§ **TASK PROMPT**
Below, some lines carry pictures; leave those pictures out and retype exactly the lines from the one with "尽管特斯拉在其第二大市场中国" through the one with "但是即使如此,即使它拿走了票".

::: DATA SHOWN

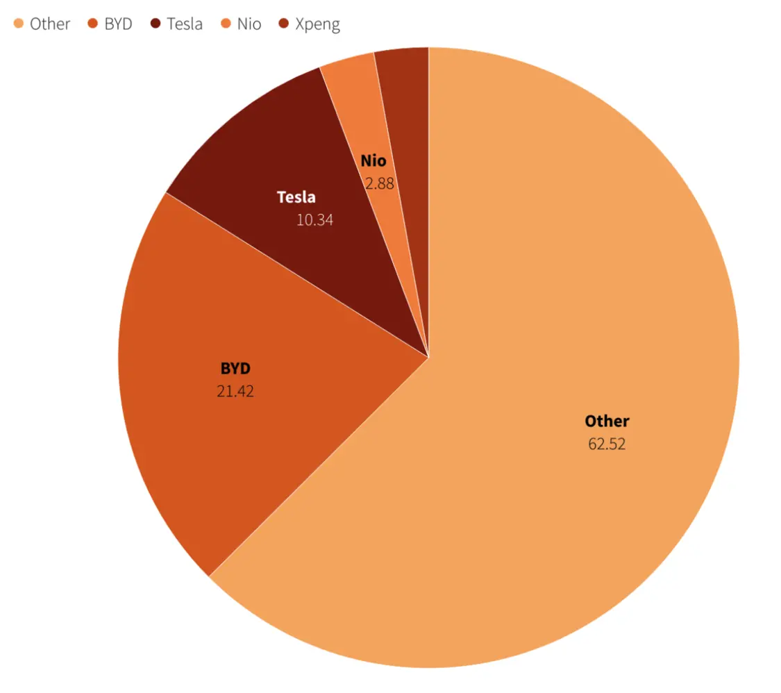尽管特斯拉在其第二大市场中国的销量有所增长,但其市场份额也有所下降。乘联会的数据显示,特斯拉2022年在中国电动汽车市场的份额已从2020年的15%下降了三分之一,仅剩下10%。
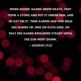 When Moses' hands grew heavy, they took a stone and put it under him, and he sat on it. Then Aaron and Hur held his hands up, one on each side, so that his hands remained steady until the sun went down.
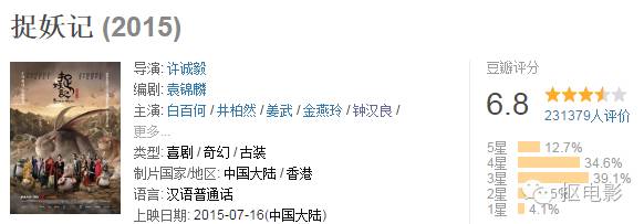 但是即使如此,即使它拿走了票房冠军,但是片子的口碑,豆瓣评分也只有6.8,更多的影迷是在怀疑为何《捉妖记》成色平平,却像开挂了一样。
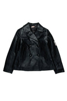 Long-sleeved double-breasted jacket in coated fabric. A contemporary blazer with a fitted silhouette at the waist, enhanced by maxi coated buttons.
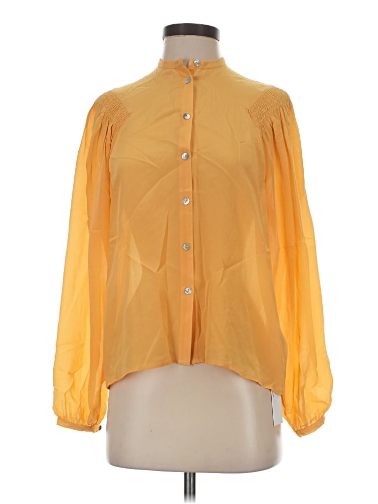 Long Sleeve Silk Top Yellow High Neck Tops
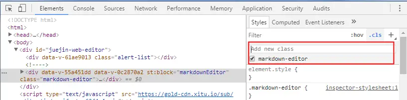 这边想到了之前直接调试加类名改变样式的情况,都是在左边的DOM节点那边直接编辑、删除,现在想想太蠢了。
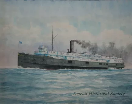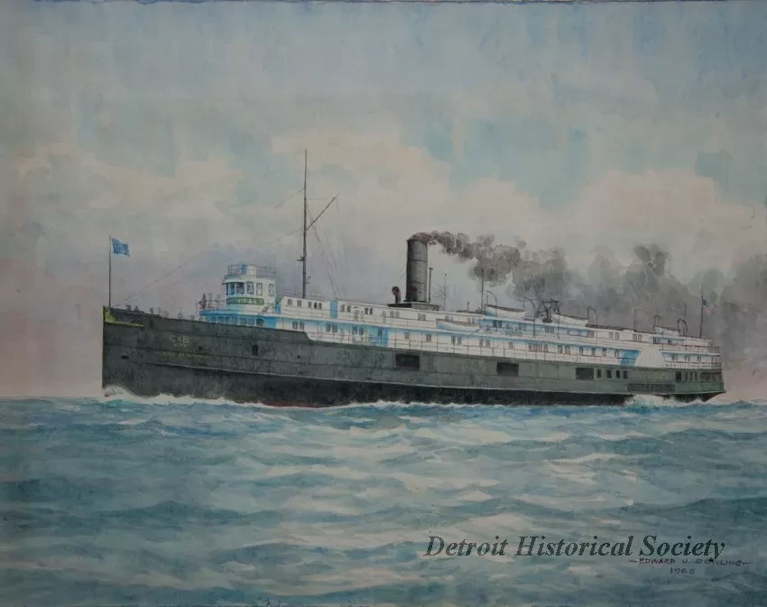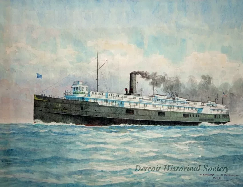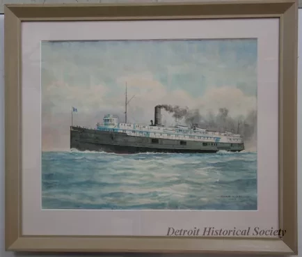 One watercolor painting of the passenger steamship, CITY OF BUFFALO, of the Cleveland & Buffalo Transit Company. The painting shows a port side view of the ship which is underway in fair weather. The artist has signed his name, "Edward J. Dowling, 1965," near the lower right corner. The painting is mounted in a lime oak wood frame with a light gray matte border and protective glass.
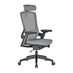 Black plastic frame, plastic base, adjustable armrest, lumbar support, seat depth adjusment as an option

::::::
::: DATA SHOWN

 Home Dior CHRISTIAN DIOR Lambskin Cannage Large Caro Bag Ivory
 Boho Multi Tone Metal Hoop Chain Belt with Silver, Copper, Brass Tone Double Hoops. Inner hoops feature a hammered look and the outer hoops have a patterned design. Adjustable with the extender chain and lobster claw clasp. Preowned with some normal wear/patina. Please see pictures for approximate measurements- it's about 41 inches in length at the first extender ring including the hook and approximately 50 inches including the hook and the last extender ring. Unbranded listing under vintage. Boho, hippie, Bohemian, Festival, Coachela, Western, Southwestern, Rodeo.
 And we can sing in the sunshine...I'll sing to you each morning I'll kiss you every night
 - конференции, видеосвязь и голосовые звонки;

::::::
::: DATA SHOWN

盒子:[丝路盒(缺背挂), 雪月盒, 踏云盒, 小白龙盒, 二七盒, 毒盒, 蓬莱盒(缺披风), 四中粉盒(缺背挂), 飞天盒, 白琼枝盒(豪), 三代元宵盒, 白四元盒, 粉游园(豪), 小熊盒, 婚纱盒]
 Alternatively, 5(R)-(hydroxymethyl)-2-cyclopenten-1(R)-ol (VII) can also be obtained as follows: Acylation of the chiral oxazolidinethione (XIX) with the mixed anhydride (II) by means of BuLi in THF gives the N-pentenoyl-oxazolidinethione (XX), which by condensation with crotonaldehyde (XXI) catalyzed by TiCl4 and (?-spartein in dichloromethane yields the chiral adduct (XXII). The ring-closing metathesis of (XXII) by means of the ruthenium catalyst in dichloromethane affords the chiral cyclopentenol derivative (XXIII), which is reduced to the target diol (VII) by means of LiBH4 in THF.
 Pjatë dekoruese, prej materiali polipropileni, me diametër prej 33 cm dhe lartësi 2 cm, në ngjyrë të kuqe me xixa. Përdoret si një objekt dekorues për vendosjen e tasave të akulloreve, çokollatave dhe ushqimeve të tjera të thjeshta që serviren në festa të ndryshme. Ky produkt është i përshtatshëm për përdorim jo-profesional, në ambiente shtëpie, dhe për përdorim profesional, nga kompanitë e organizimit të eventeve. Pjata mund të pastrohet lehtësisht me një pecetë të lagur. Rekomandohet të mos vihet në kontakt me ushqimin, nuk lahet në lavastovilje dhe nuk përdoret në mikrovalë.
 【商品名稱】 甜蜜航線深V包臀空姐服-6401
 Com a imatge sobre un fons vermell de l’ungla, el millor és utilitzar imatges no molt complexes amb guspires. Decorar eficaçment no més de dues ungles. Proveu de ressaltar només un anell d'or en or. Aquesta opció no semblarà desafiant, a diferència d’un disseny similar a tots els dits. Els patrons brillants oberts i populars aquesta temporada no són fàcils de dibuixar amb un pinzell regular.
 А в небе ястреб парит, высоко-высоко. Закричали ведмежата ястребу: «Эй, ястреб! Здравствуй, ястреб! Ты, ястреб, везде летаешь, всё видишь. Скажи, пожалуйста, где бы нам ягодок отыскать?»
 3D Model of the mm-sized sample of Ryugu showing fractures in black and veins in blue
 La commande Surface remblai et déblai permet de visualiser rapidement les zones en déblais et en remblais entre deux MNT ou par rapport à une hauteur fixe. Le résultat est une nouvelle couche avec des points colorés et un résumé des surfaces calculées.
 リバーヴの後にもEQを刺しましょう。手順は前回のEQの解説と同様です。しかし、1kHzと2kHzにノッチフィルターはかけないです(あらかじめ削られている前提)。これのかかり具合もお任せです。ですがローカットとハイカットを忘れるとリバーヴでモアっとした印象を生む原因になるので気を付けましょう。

::::::

§ **EXERCISE RESPONSE**
尽管特斯拉在其第二大市场中国的销量有所增长,但其市场份额也有所下降。乘联会的数据显示,特斯拉2022年在中国电动汽车市场的份额已从2020年的15%下降了三分之一,仅剩下10%。
 When Moses' hands grew heavy, they took a stone and put it under him, and he sat on it. Then Aaron and Hur held his hands up, one on each side, so that his hands remained steady until the sun went down.
 但是即使如此,即使它拿走了票房冠军,但是片子的口碑,豆瓣评分也只有6.8,更多的影迷是在怀疑为何《捉妖记》成色平平,却像开挂了一样。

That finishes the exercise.